_WHAT THE EXERCISE ASKS_. Every entry below must be transcribed word for word, and the images must be left out.

━━━ DATA

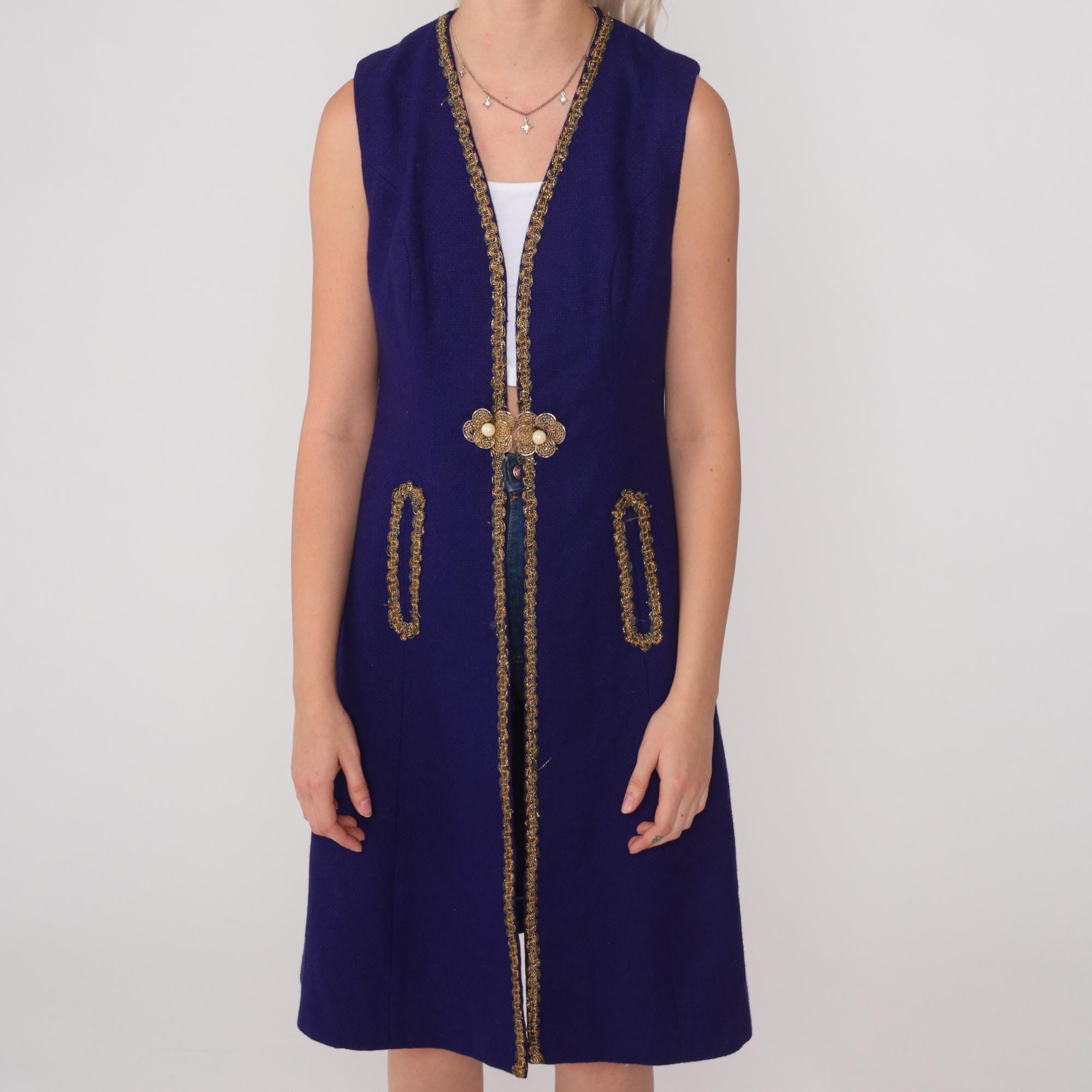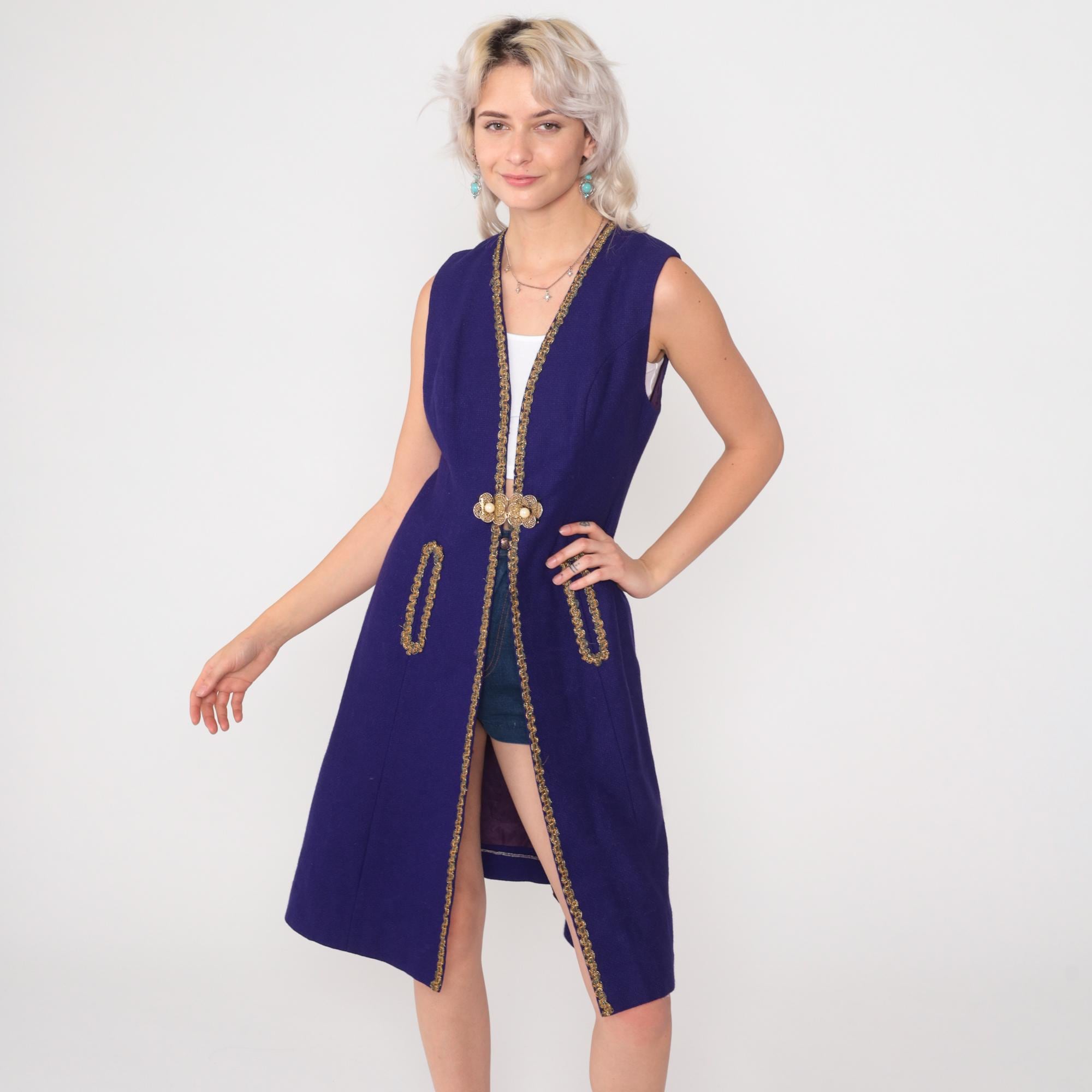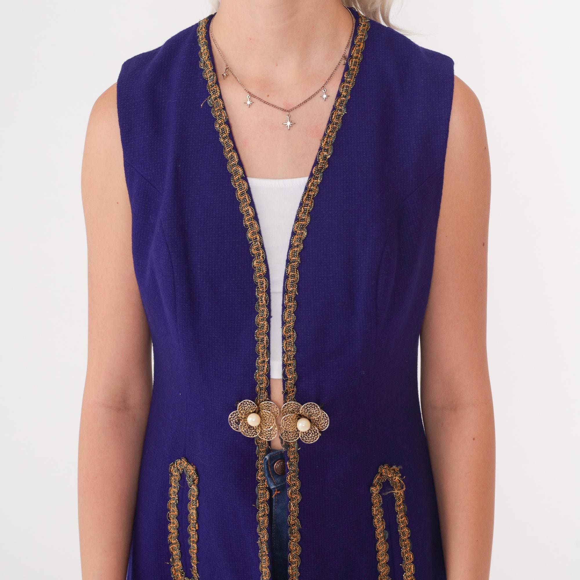 Purple beaded vest from the 1970s with gold beaded trim along V-neckline, center front, and pockets. Features ornate beaded fleur-de-lis closure at waist, sleeveless vest design, and A-line silhouette.
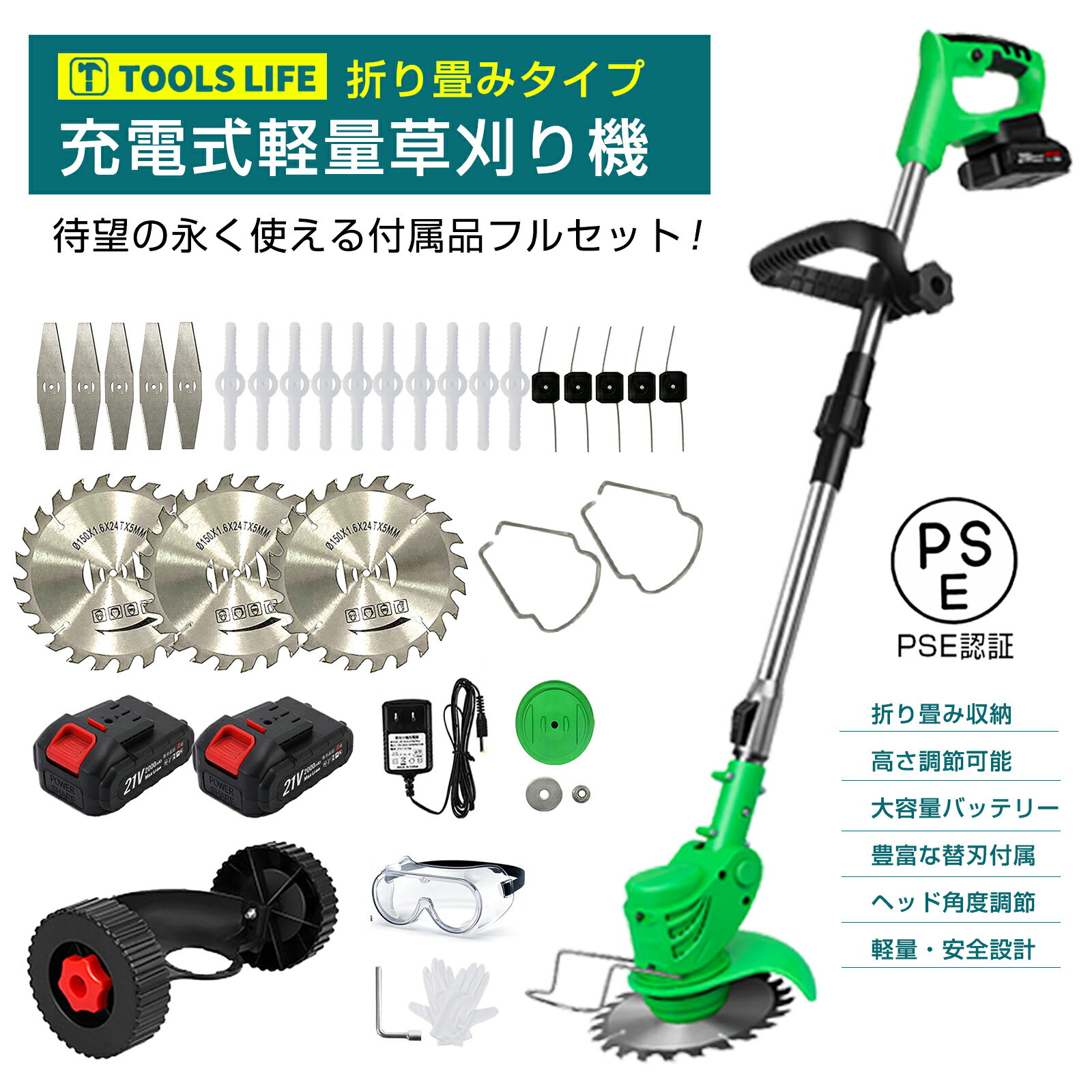 TOOLS LIFE 充電式草刈り機 バッテリー式 折り畳み式 3種類替刃 専用補助輪...
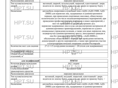 Назначение автомобиль оперативно-служебный типа "АДЗ" (АДЗ-15ИН, АДЗ- 20ИН) для перевозки лиц, задержанных в административном порядке, при проведении спортивных массовых, общественнополитических (в том числе несанкционированных) мероприятий, при проведении профилактических, режимных и иных мероприятий, с мест их проведения в органы внутренних дел; перевозки задержанных лиц в суды для рассмотрения материалов об административных правонарушениях; перевозки из судов в специальные учреждения полиции, а также для иных перевозок лиц, подвергнутых административному аресту, иностранных граждан и лиц без гражданства ("АДЗ-15ИН", "АДЗ-20ИН"); обеспечение общественного порядка при проведении митингов, демонстраций и других мероприятий, а также при принятии участия в контртеррористических операциях силами Росгвардии автомобиль оперативно-служебный типа "АДЗ" (АДЗ-15ИН, АДЗ- 20ИН) для перевозки лиц, задержанных в административном порядке, при проведении спортивных массовых, общественнополитических (в том числе несанкционированных) мероприятий, при проведении профилактических, режимных и иных мероприятий, с мест их проведения в органы внутренних дел; перевозки задержанных лиц в суды для рассмотрения материалов об административных правонарушениях; перевозки из судов в специальные учреждения полиции, а также для иных перевозок лиц, подвергнутых административному аресту, иностранных граждан и лиц без гражданства ("АДЗ-15ИН", "АДЗ-20ИН"); обеспечение общественного порядка при проведении митингов демонстраций и других мероприятий, а также при принятии участия в контртеррористических операциях силами Росгвардии автомобиль оперативно-служебный типа "АДЗ" (АДЗ-15ИН, АДЗ- 20ИН) для перевозки лиц, задержанных в административном порядке, при проведении спортивных массовых, общественнополитических (в том числе несанкционированных) мероприятий, при проведении профилактических, режимных и иных мероприятий, с мест их проведения в органы внутренних дел; перевозки задержанных лиц в суды для рассмотрения материалов об административных правонарушениях; перевозки из судов в специальные учреждения полиции, а также для иных перевозок лиц, подвергнутых административному аресту, иностранных граждан и лиц без гражданства ("АДЗ-15ИН", "АДЗ-20ИН"); обеспечение общественного порядка при проведении митингов, демонстраций и других мероприятий, а также при принятии участия в контртеррористических операциях силами Росгвардии автомобиль оперативно-служебный типа "АЗ" для перевозки осужденных, подозреваемых и обвиняемых в совершении преступлений автомобиль оперативно-служебный типа АТНП для транспортирования подразделений полиции для выполнения задач по охране общественного порядка и обеспечении общественной безопасности
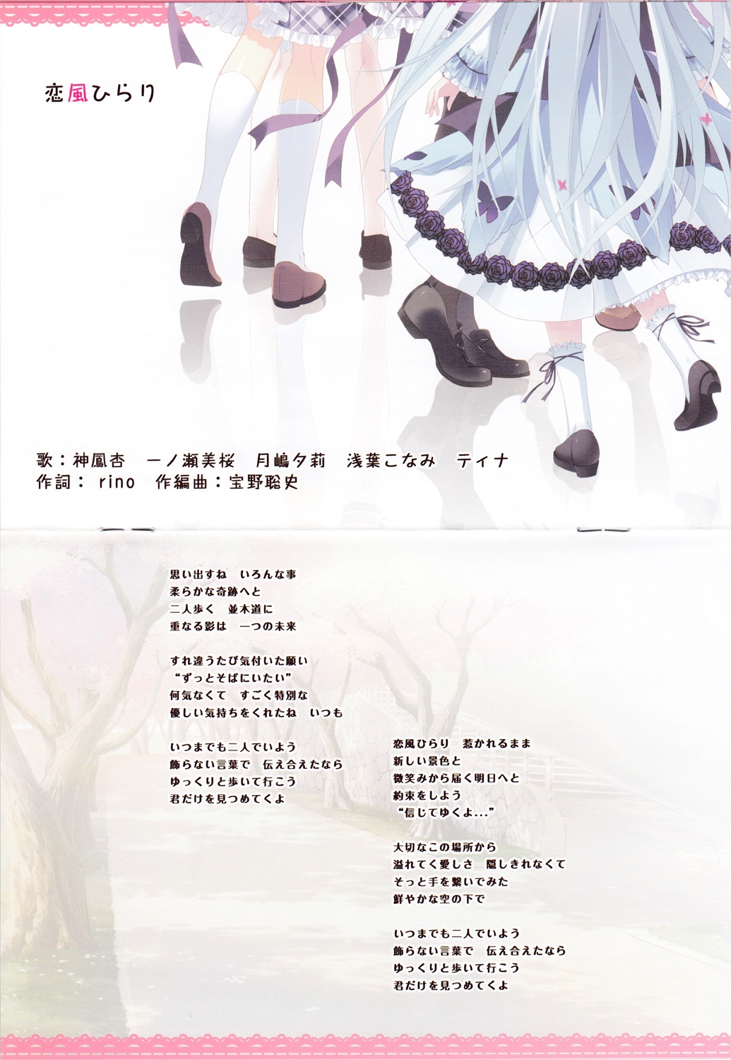 Composer: Satoshi Hono / Vocals: Ann Jinpou (CV: Iroha Natsumine), Mio Ichinose (CV: Yuika Ayabe), Yuri Tsukishima (CV: Konoe Yozora), Konami Asaba (CV: Aoi Uehara), Tina (CV: Yun Sachi) / Lyrics: rino
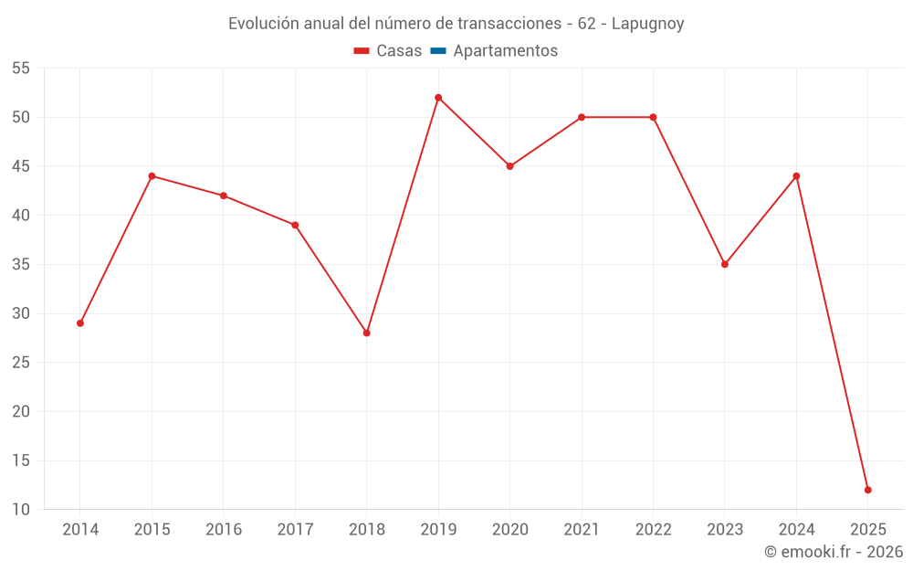 El precio mediano en las 40 transacciones de casas de los últimos 12 meses en la comuna de Lapugnoy fue de 1 612 € por metro cuadrado para un valor patrimonial medio de 145 750 €. Durante este período el 60% de las transacciones estuvieron entre 785 y 2 029 € por metro cuadrado (del 2º al 8º decil).

━━━━━━

_OUTPUT FOR THIS TASK_.
 Purple beaded vest from the 1970s with gold beaded trim along V-neckline, center front, and pockets. Features ornate beaded fleur-de-lis closure at waist, sleeveless vest design, and A-line silhouette.
 TOOLS LIFE 充電式草刈り機 バッテリー式 折り畳み式 3種類替刃 専用補助輪...
 Назначение автомобиль оперативно-служебный типа "АДЗ" (АДЗ-15ИН, АДЗ- 20ИН) для перевозки лиц, задержанных в административном порядке, при проведении спортивных массовых, общественнополитических (в том числе несанкционированных) мероприятий, при проведении профилактических, режимных и иных мероприятий, с мест их проведения в органы внутренних дел; перевозки задержанных лиц в суды для рассмотрения материалов об административных правонарушениях; перевозки из судов в специальные учреждения полиции, а также для иных перевозок лиц, подвергнутых административному аресту, иностранных граждан и лиц без гражданства ("АДЗ-15ИН", "АДЗ-20ИН"); обеспечение общественного порядка при проведении митингов, демонстраций и других мероприятий, а также при принятии участия в контртеррористических операциях силами Росгвардии автомобиль оперативно-служебный типа "АДЗ" (АДЗ-15ИН, АДЗ- 20ИН) для перевозки лиц, задержанных в административном порядке, при проведении спортивных массовых, общественнополитических (в том числе несанкционированных) мероприятий, при проведении профилактических, режимных и иных мероприятий, с мест их проведения в органы внутренних дел; перевозки задержанных лиц в суды для рассмотрения материалов об административных правонарушениях; перевозки из судов в специальные учреждения полиции, а также для иных перевозок лиц, подвергнутых административному аресту, иностранных граждан и лиц без гражданства ("АДЗ-15ИН", "АДЗ-20ИН"); обеспечение общественного порядка при проведении митингов демонстраций и других мероприятий, а также при принятии участия в контртеррористических операциях силами Росгвардии автомобиль оперативно-служебный типа "АДЗ" (АДЗ-15ИН, АДЗ- 20ИН) для перевозки лиц, задержанных в административном порядке, при проведении спортивных массовых, общественнополитических (в том числе несанкционированных) мероприятий, при проведении профилактических, режимных и иных мероприятий, с мест их проведения в органы внутренних дел; перевозки задержанных лиц в суды для рассмотрения материалов об административных правонарушениях; перевозки из судов в специальные учреждения полиции, а также для иных перевозок лиц, подвергнутых административному аресту, иностранных граждан и лиц без гражданства ("АДЗ-15ИН", "АДЗ-20ИН"); обеспечение общественного порядка при проведении митингов, демонстраций и других мероприятий, а также при принятии участия в контртеррористических операциях силами Росгвардии автомобиль оперативно-служебный типа "АЗ" для перевозки осужденных, подозреваемых и обвиняемых в совершении преступлений автомобиль оперативно-служебный типа АТНП для транспортирования подразделений полиции для выполнения задач по охране общественного порядка и обеспечении общественной безопасности
 Composer: Satoshi Hono / Vocals: Ann Jinpou (CV: Iroha Natsumine), Mio Ichinose (CV: Yuika Ayabe), Yuri Tsukishima (CV: Konoe Yozora), Konami Asaba (CV: Aoi Uehara), Tina (CV: Yun Sachi) / Lyrics: rino
 El precio mediano en las 40 transacciones de casas de los últimos 12 meses en la comuna de Lapugnoy fue de 1 612 € por metro cuadrado para un valor patrimonial medio de 145 750 €. Durante este período el 60% de las transacciones estuvieron entre 785 y 2 029 € por metro cuadrado (del 2º al 8º decil).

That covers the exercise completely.